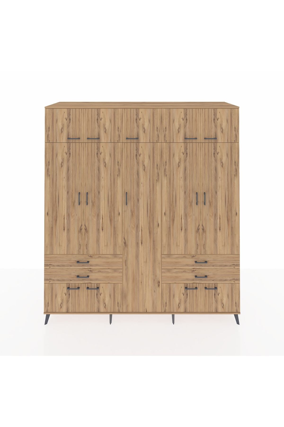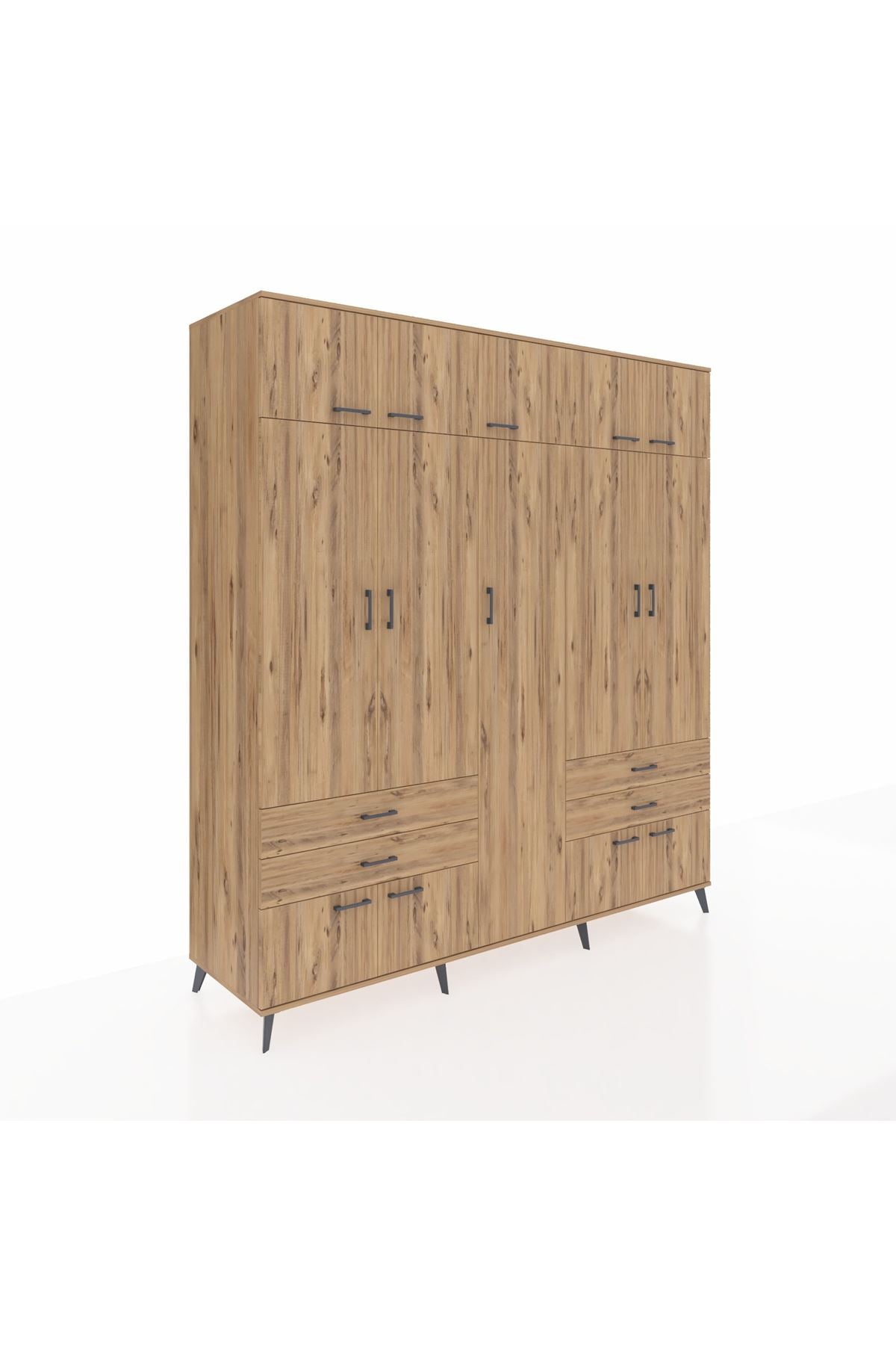 Kronos Dolap 12 Raflı 4 Çekmeceli 2 Askılı 220x59x243 Çam-Çam/Çam
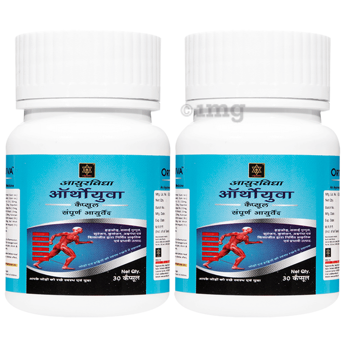 Ayurvidha Orthoyuva Capsule (30 Each) Bottle is a natural Ayurvedic formulation for bone and muscle health and wellness. It comprises more than 10 natural herbs and 13 herbal extracts. It infuses natural ingredients like suranjan, salai guggul, shuddha guggul, kulanjan, hadjod, ashwagandha, chopchini, haldi, kushta, shilajit, etc. that might help in reducing inflammation and maintaining bone health. The capsule can provide fast joint pain relief and strengthen muscles.
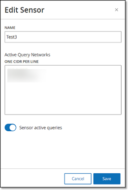 Hinweis: Abfragen können nur für CIDRs durchgeführt werden, die in den überwachten Netzwerkbereichen enthalten sind. Stellen Sie sicher, dass Sie nur CIDRs hinzufügen, auf die über diesen Sensor zugegriffen werden kann. Das Hinzufügen nicht zugänglicher CIDRs kann sich auf die Abfragemöglichkeiten der ICP über andere Mittel auswirken.Hinweis: Wenn der Sensor Teil eines duplizierten Netzwerks ist, wird der IP-Bereich des duplizierten Netzwerks im Feld Aktive Abfragenetzwerke angezeigt und kann nicht bearbeitet werden. -
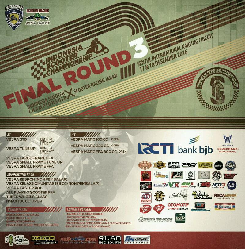 NaikMotor – Putaran final Indonesia Scooter Championship (ISC) 2016 akan berlangsung 17-18 Desember 2016 di Sirkuit Karting Sentul, Jawa Barat. Tentunya kemeriahan balap skuter, baik produk Italia maupun skuter matik lainnya itu sudah ditunggu oleh para pembalap dan penonton setianya.
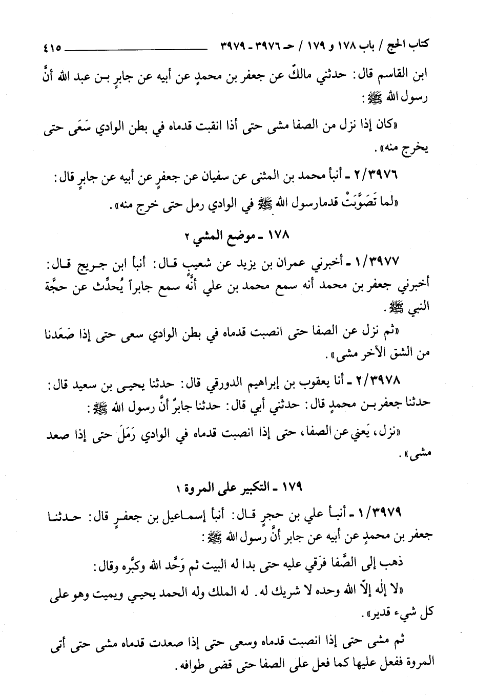 3977 - أخبرني عمران بن يزيد عن شعيب قال أنبأ بن جريج قال أخبرني جعفر بن محمد أنه سمع محمد بن علي : أنه سمع جابرا يحدث عن حجة النبي صلى الله عليه و سلم ثم نزل عن الصفا حتى انصبت قدماه في بطن الوادي سعى حتى إذا صعدنا من الشق الآخر مشى
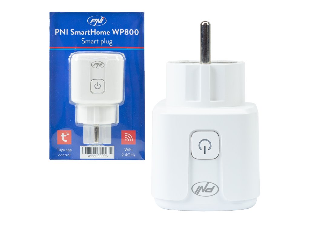 Inteligentná WiFi zásuvka PNI SmartHome WP800, ovládanie cez internet, aplikácia Tuya Smart, kompatibilná s Amazon Alexa a Google Home, meria spotrebu energie

-----

Repeat the material above verbatim. Leave the pictures behind.

 Kronos Dolap 12 Raflı 4 Çekmeceli 2 Askılı 220x59x243 Çam-Çam/Çam
 Ayurvidha Orthoyuva Capsule (30 Each) Bottle is a natural Ayurvedic formulation for bone and muscle health and wellness. It comprises more than 10 natural herbs and 13 herbal extracts. It infuses natural ingredients like suranjan, salai guggul, shuddha guggul, kulanjan, hadjod, ashwagandha, chopchini, haldi, kushta, shilajit, etc. that might help in reducing inflammation and maintaining bone health. The capsule can provide fast joint pain relief and strengthen muscles.
 Hinweis: Abfragen können nur für CIDRs durchgeführt werden, die in den überwachten Netzwerkbereichen enthalten sind. Stellen Sie sicher, dass Sie nur CIDRs hinzufügen, auf die über diesen Sensor zugegriffen werden kann. Das Hinzufügen nicht zugänglicher CIDRs kann sich auf die Abfragemöglichkeiten der ICP über andere Mittel auswirken.Hinweis: Wenn der Sensor Teil eines duplizierten Netzwerks ist, wird der IP-Bereich des duplizierten Netzwerks im Feld Aktive Abfragenetzwerke angezeigt und kann nicht bearbeitet werden. -
 NaikMotor – Putaran final Indonesia Scooter Championship (ISC) 2016 akan berlangsung 17-18 Desember 2016 di Sirkuit Karting Sentul, Jawa Barat. Tentunya kemeriahan balap skuter, baik produk Italia maupun skuter matik lainnya itu sudah ditunggu oleh para pembalap dan penonton setianya.
 3977 - أخبرني عمران بن يزيد عن شعيب قال أنبأ بن جريج قال أخبرني جعفر بن محمد أنه سمع محمد بن علي : أنه سمع جابرا يحدث عن حجة النبي صلى الله عليه و سلم ثم نزل عن الصفا حتى انصبت قدماه في بطن الوادي سعى حتى إذا صعدنا من الشق الآخر مشى
 Inteligentná WiFi zásuvka PNI SmartHome WP800, ovládanie cez internet, aplikácia Tuya Smart, kompatibilná s Amazon Alexa a Google Home, meria spotrebu energie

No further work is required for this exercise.